Supplied information
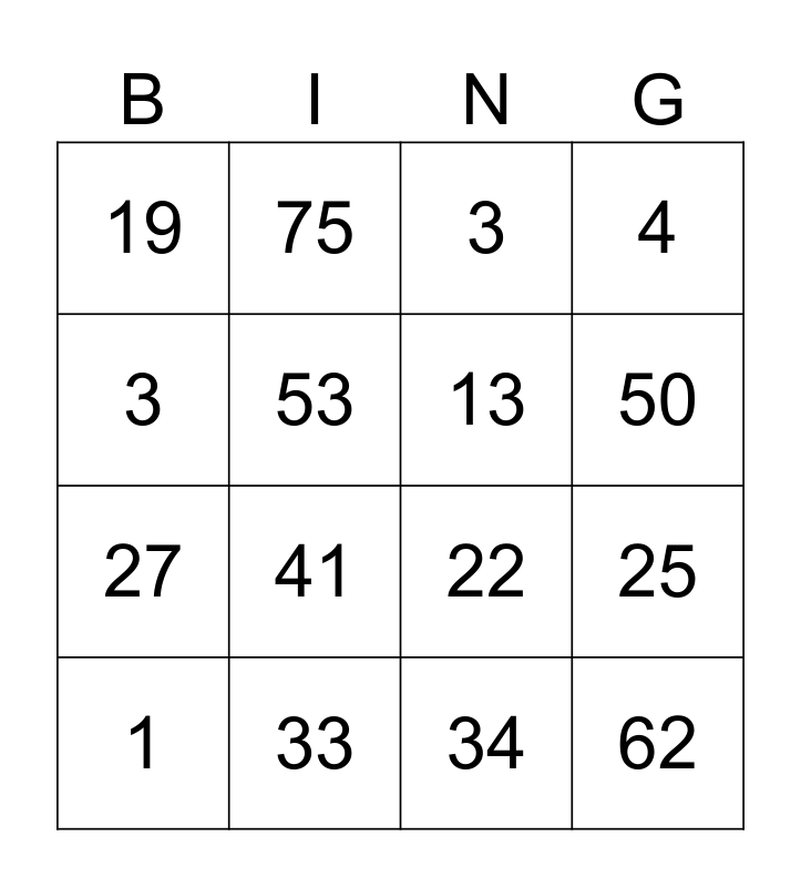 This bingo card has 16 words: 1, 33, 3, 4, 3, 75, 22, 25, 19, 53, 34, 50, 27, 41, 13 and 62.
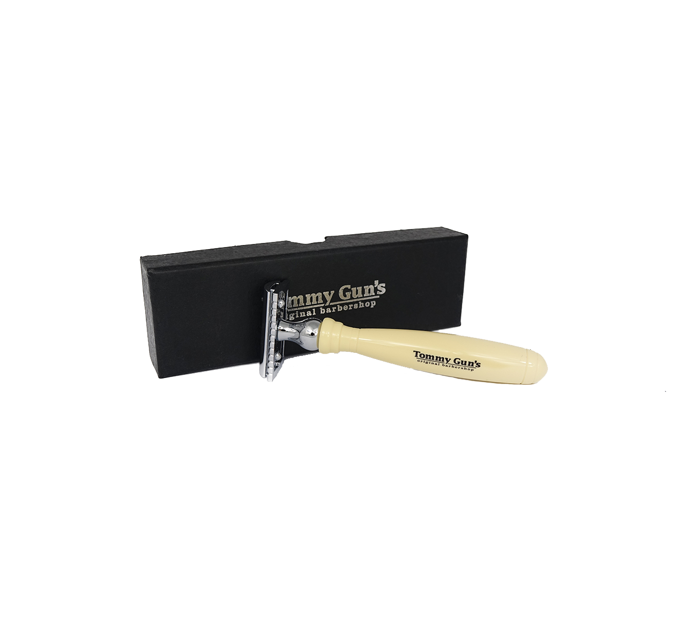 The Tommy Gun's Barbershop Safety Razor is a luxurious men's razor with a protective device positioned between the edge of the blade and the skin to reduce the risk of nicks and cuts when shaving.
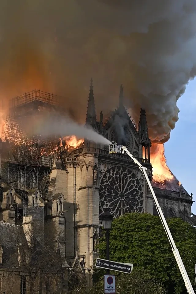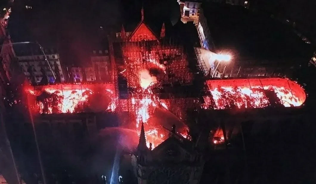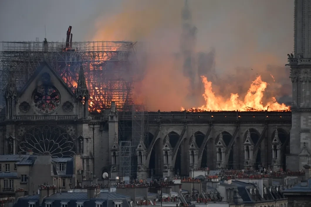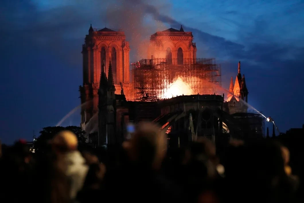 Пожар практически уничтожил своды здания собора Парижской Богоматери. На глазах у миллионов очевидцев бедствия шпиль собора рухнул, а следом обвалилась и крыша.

==

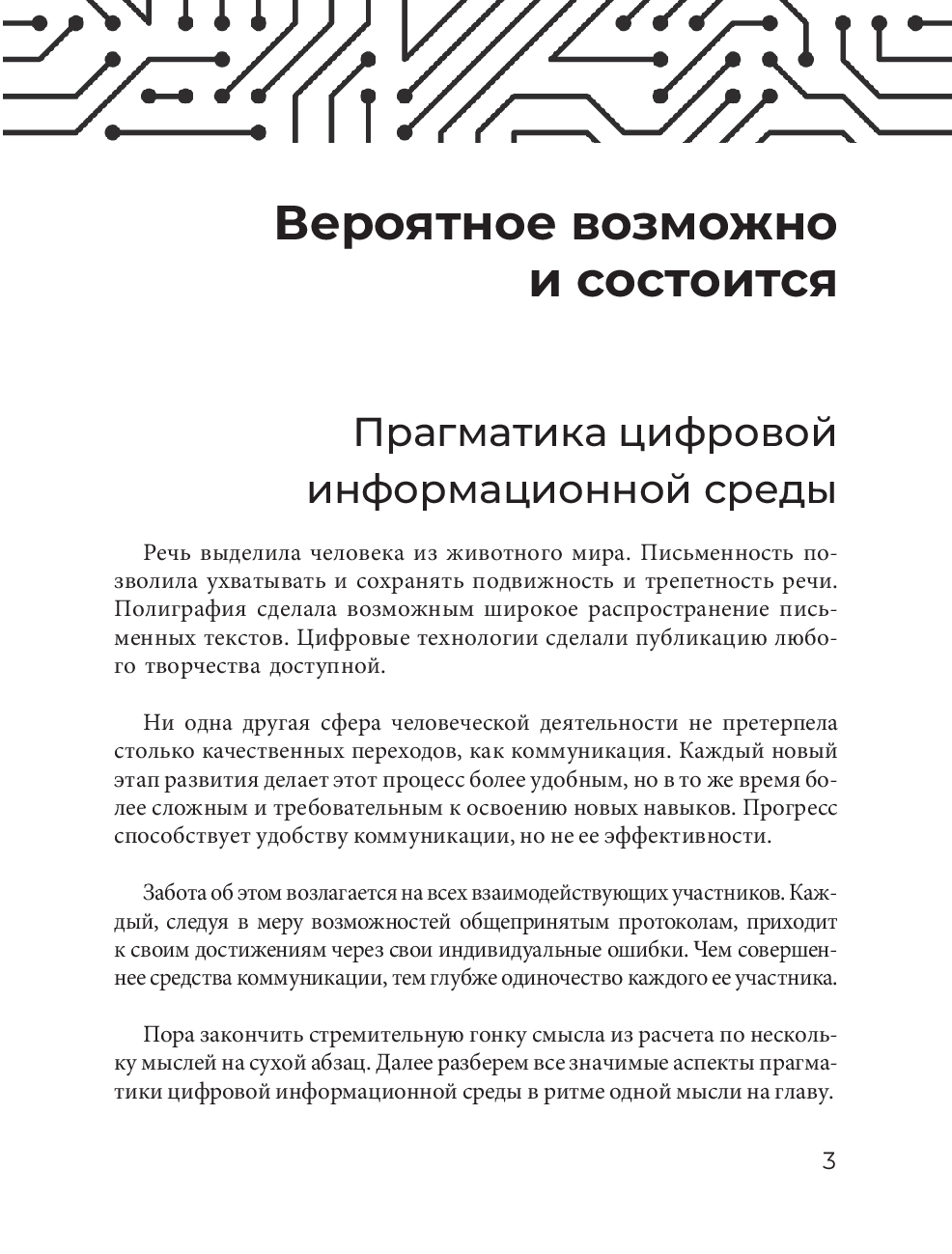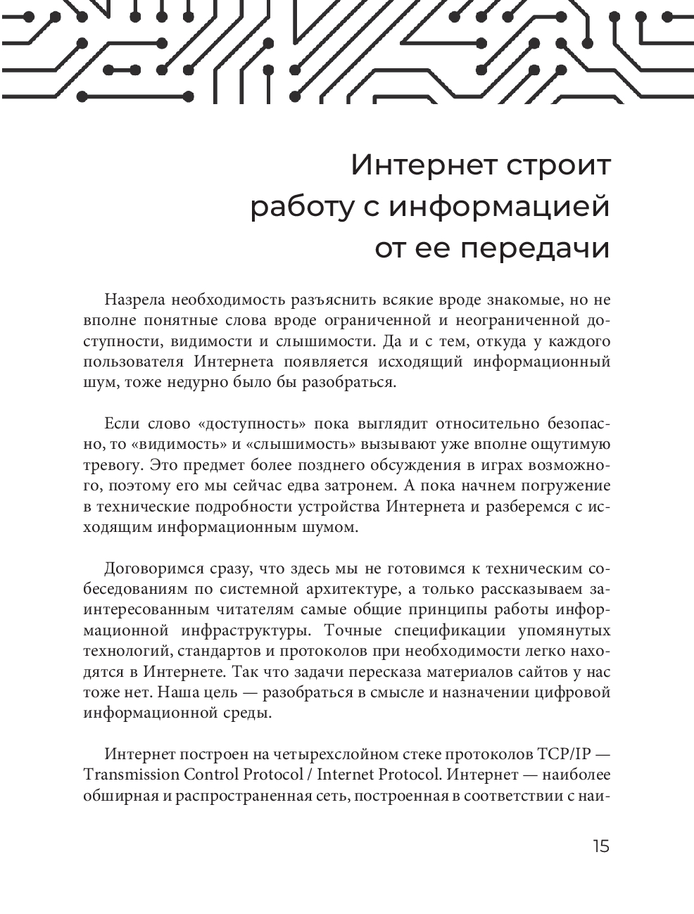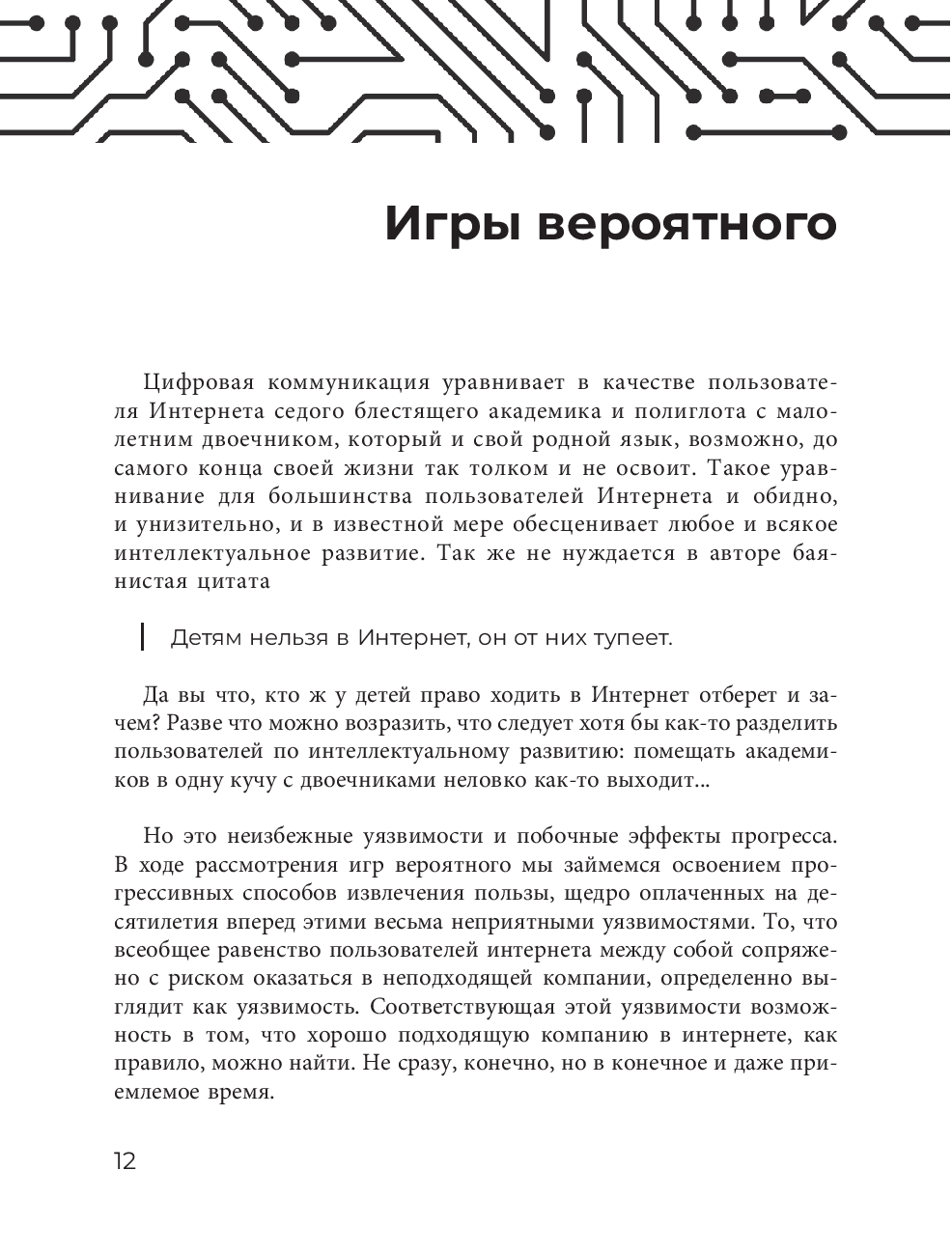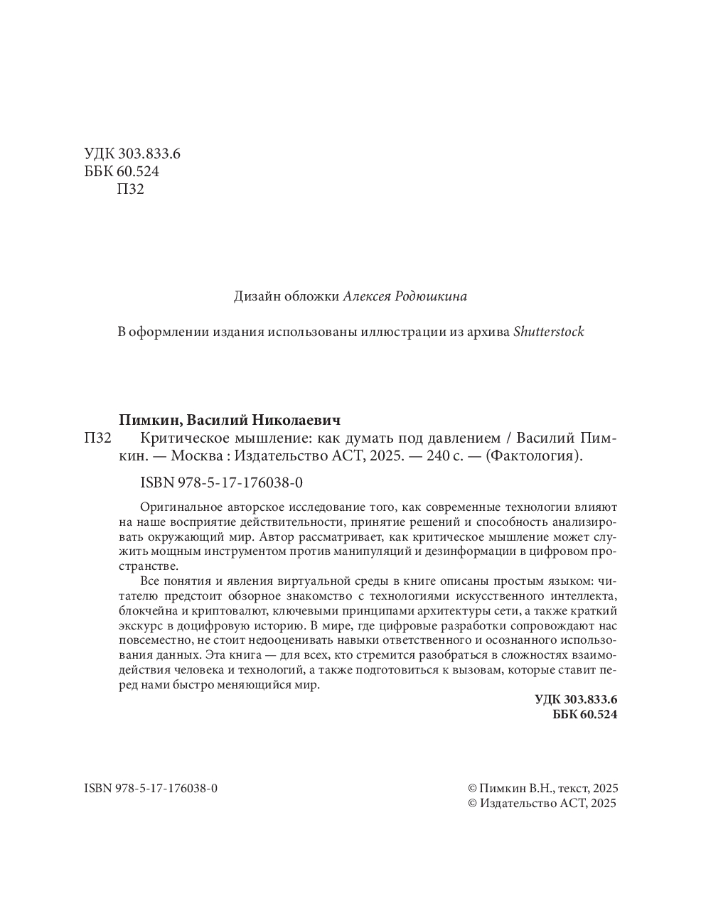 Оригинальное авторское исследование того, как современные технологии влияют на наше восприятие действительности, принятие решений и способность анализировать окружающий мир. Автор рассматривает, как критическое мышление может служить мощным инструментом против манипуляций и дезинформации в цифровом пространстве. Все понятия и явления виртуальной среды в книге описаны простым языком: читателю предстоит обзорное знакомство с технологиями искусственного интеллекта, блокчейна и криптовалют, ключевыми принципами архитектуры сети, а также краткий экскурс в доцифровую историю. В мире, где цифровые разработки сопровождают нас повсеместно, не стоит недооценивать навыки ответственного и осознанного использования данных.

==

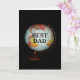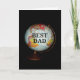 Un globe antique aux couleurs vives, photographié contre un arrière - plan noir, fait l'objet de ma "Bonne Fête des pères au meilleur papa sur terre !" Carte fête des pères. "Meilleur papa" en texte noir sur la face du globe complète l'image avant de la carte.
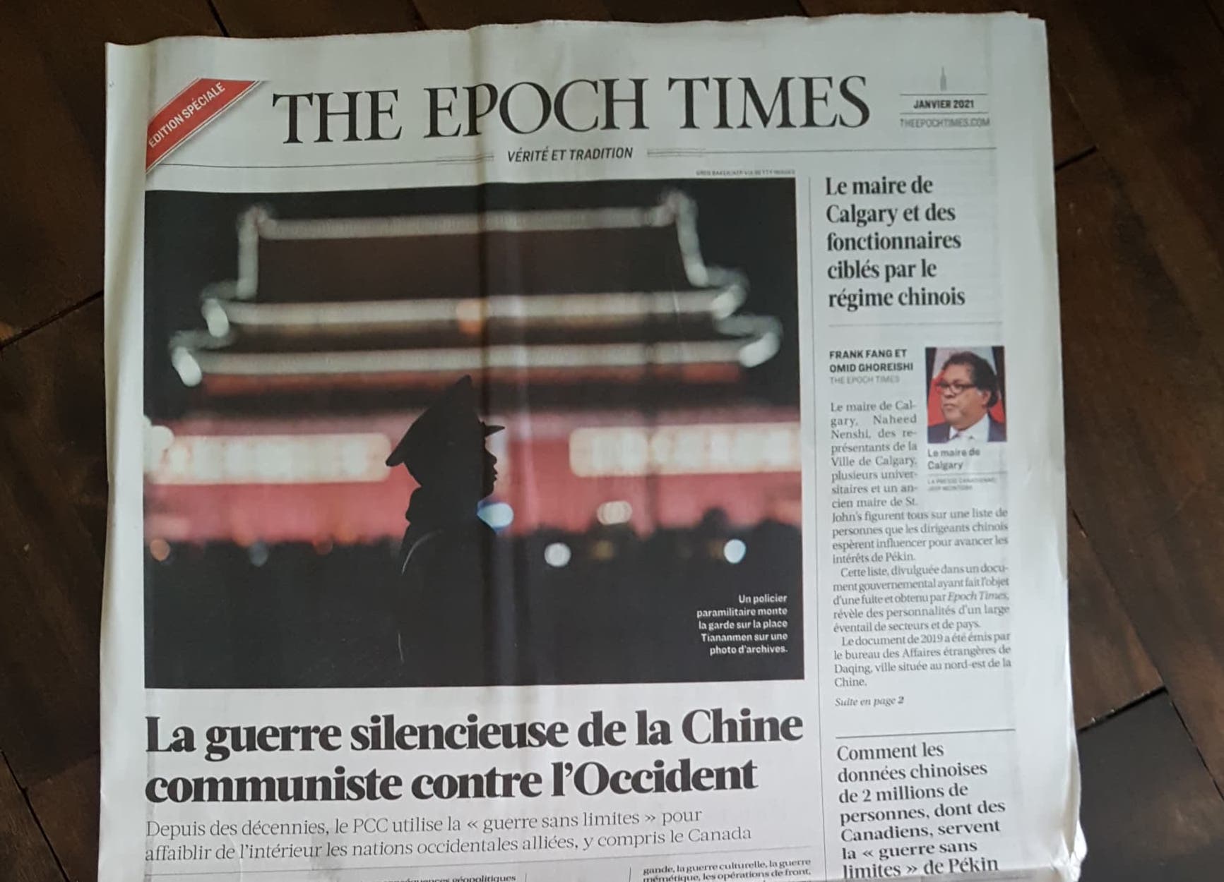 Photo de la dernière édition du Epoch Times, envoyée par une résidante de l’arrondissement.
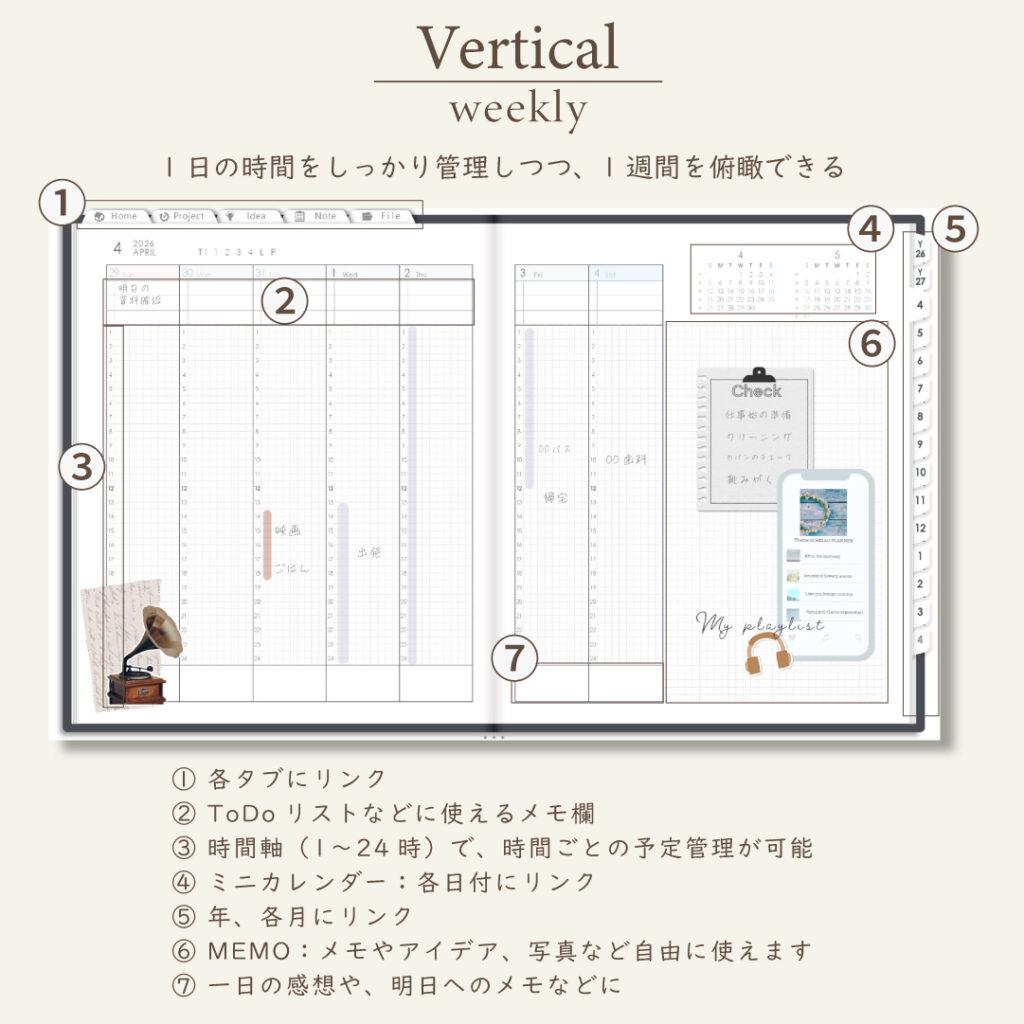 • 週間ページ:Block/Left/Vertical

Work instruction
Print from the line containing "This bingo card" through the line containing "The Tommy Gun's" in the data above, exactly as the lines stand, and omit every picture.

Expected output
 This bingo card has 16 words: 1, 33, 3, 4, 3, 75, 22, 25, 19, 53, 34, 50, 27, 41, 13 and 62.
 The Tommy Gun's Barbershop Safety Razor is a luxurious men's razor with a protective device positioned between the edge of the blade and the skin to reduce the risk of nicks and cuts when shaving.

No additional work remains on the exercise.